Hong Kong's highly competitive stockbroking business has forced one of the mainland's largest brokerages to transform itself into a universal bank in an effort to rely less on fee-based income and to add new and stable profit streams.
Haitong International Securities, the flagship offshore arm of the mainland's No 2 securities firm, recently set up a new department of fixed-income, currencies and commodities (FICC), which will use its own balance sheet to finance transactions to meet clients' demands.
Lin Yong, vice-chairman and chief executive of the firm, told the South China Morning Post in an exclusive interview it was the right time for mainland securities firms to move beyond conventional broking business as a commission war among local brokers eroded profit margins.
"It's definitely time for change. In fact, we [mainland securities companies] call this a change, but big foreign investment banks like Goldman Sachs and UBS have been doing these other businesses for a long time," said Lin, referring to the wide range of financial services to be offered by Haitong's new FICC unit.
"We believe we can be the one to play a leading role in this shift in business strategies. If you don't change now, you will be left behind sooner or later and you may not even survive in the end," said Lin, who holds a doctorate degree in economics and has more than 16 years of securities industry experience.
Lin compared the commission war among local brokers with the impact on retail businesses of rising rents in Hong Kong.
"Some years ago when I first came to Hong Kong, I remember there were still some local family-run small stores selling cigarettes, drinks, and fruit. But when you look around today there are so many 7-Eleven or ParknShop chain stores that it has become difficult to find these small local stores."
Last month, local brokerage King Fook Securities, owned by listed King Fook Holdings, announced it would close its business after sluggish transaction volumes and surging costs prompted the parent firm to shut down the unit. The 42-year-old local securities firm has been losing money since 2009.
Hong Kong had 507 operating brokerage firms at the end of June, down from 511 at the end of last year. The top 65 accounted for more than 90 per cent of market turnover at the end of April, stock exchange figures show.
Haitong is a relative newcomer to the stock market in Hong Kong. In 2009, it reached an agreement with owner New World Development to buy Taifook Securities, major local brokerage, for HK$1.8 billion. The deal marked the first takeover by a mainland brokerage firm in the city.
Lin said in the aftermath of the acquisition Haitong quickly grabbed a bigger market share and new clients. But over time, with fast change taking place in global capital markets, the firm came under pressure to develop new business to meet the needs of its clients, including many cash-rich mainlanders keen to invest abroad.
In 2009, he said, one of his clients opened an account at Haitong and deposited about HK$100 million into the account. Initially the client only wanted to trade Hong Kong stocks but later became interested in US equities and global commodities, which Haitong did not have market access to at the time.

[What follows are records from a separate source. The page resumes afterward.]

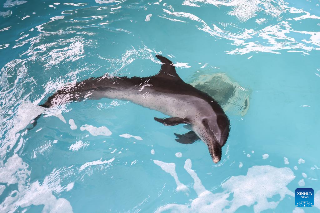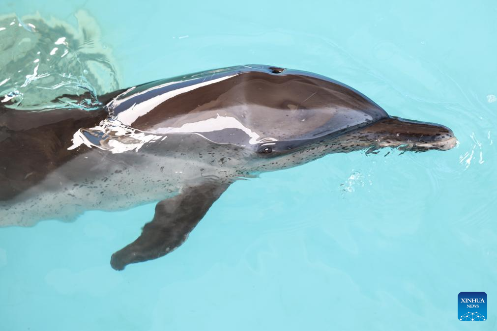 Dolphin "Wan Wan" swims in a pool at a rescue facility in Lingshui, south China's Hainan Province, Sept. 8, 2025. The stranded dolphin "Wan Wan," rescued in Wanning, Hainan this June, has recovered well after nearly three months of care by a rescue team. The dolphin is expected to be released back into the wild in the short future. (Xinhua/Zhang Liyun)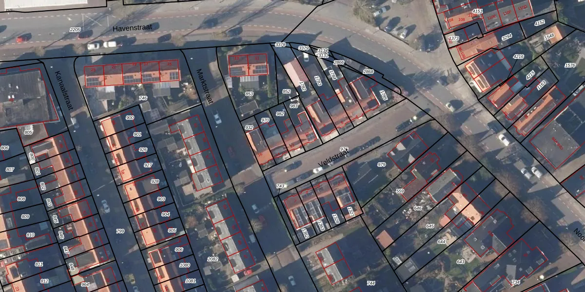Gebruik de zoekbalk of klik op een perceel voor informatie over de adressen binnen dit perceel.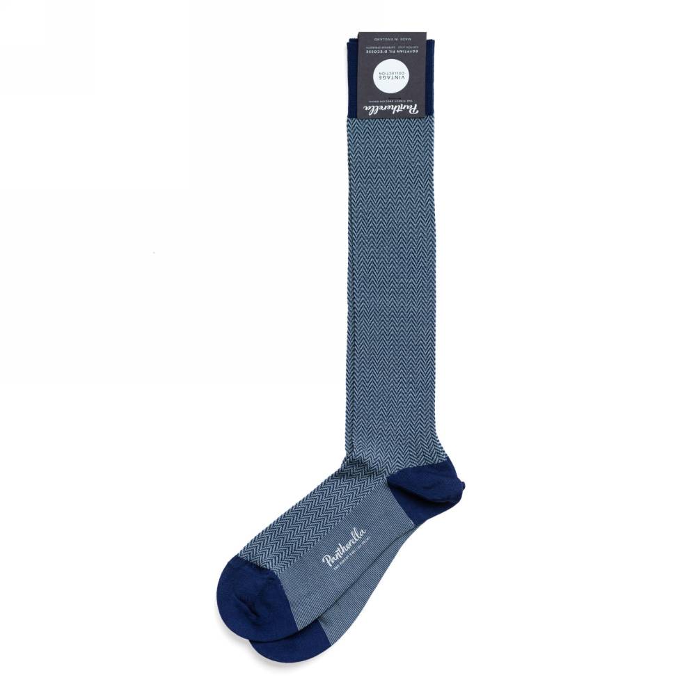 Модель имеет узнаваемый узор «ёлочка» в голубых и тёмно-синих тонах. Данные гольфы можно сочетать как с повседневной обувью, джинсами и брюками чинос, так и с деловыми туфлями и костюмами.

The client then moved much of his HK$100 million to several foreign banks to enable him to make more diversified investments. "This personal experience with the client taught me a very important lesson. We must grow with our clients who are getting more and more sophisticated in investments," Lin said.
Haitong International Securities now plans to run a HK$1 billion book under the FICC unit, which represents about 11 per cent of its overall revenue.
Last week, the Hong Kong-listed securities firm reported a 44 per cent rise in net profit for the first half, helped by pick-up in stock trading in Hong Kong.
In the equity capital market, Haitong's major competitors include Citic Securities. In debt business, it competes mainly with BOC International.